Assignment
Without any of its pictures, the listing below should be output exactly.

Exercise data

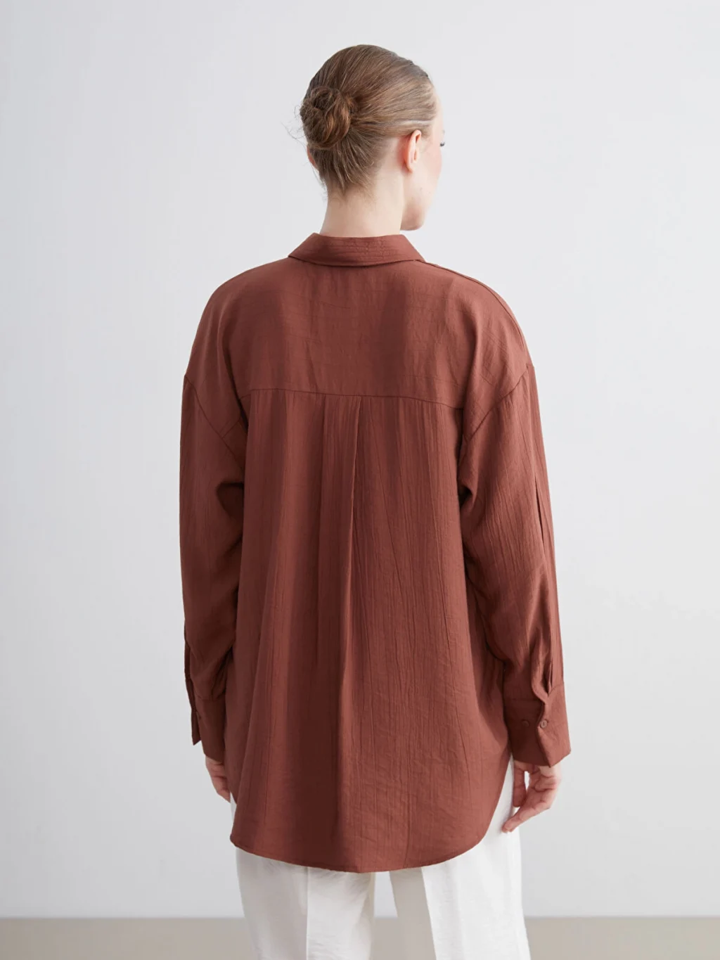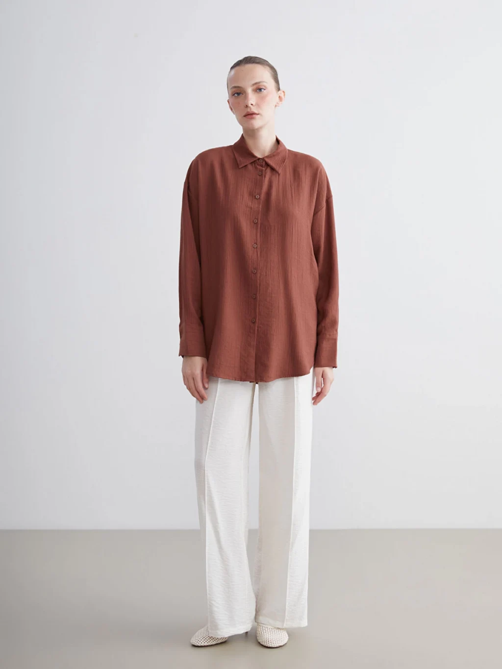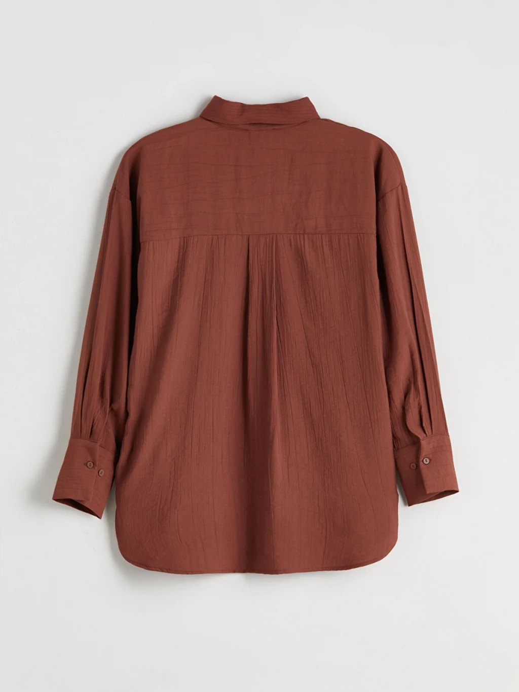 Dokulu kadın gömlek, krinkle kumaştan üretilmiştir. Uzun kollu ve düğme kapamalı tasarıma sahiptir.
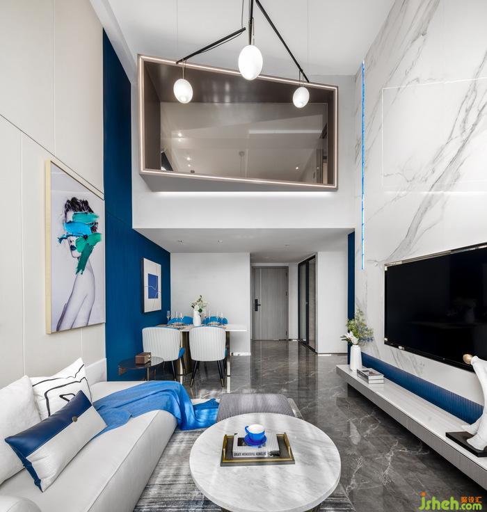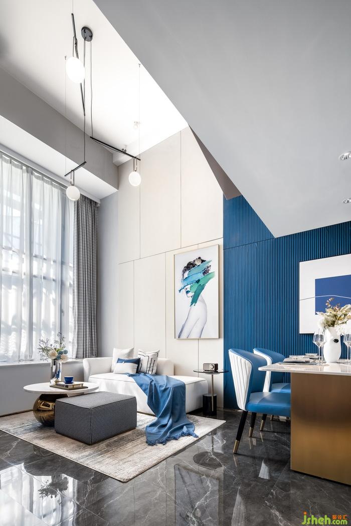 本案以簡約的設計手法打造,著重凸顯出簡潔現(xiàn)代的空間質感,勾勒出一個科技感與舒適感并存的LOFT式高挑開敞公寓空間。推門而入,集客餐廳為一體的空間以清新的藍白色調為主,挑高的客廳空間開闊,明朗的幾何線條,在空間內自如游走。
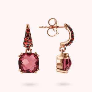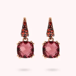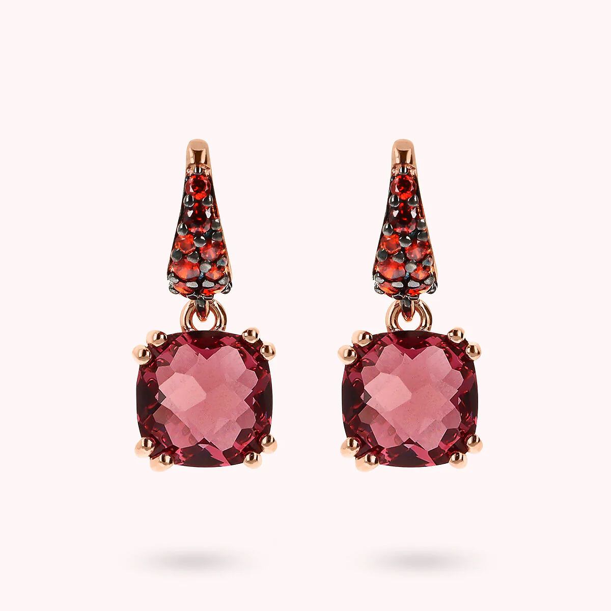Bronzallure pendant earrings made of Golden Rosé alloy, 18kt rose gold plated, embellished with pavé counter-link and two square nano crystal stones (8×8 mm); hook closure.

Exercise result
 Dokulu kadın gömlek, krinkle kumaştan üretilmiştir. Uzun kollu ve düğme kapamalı tasarıma sahiptir.
 本案以簡約的設計手法打造,著重凸顯出簡潔現(xiàn)代的空間質感,勾勒出一個科技感與舒適感并存的LOFT式高挑開敞公寓空間。推門而入,集客餐廳為一體的空間以清新的藍白色調為主,挑高的客廳空間開闊,明朗的幾何線條,在空間內自如游走。
Bronzallure pendant earrings made of Golden Rosé alloy, 18kt rose gold plated, embellished with pavé counter-link and two square nano crystal stones (8×8 mm); hook closure.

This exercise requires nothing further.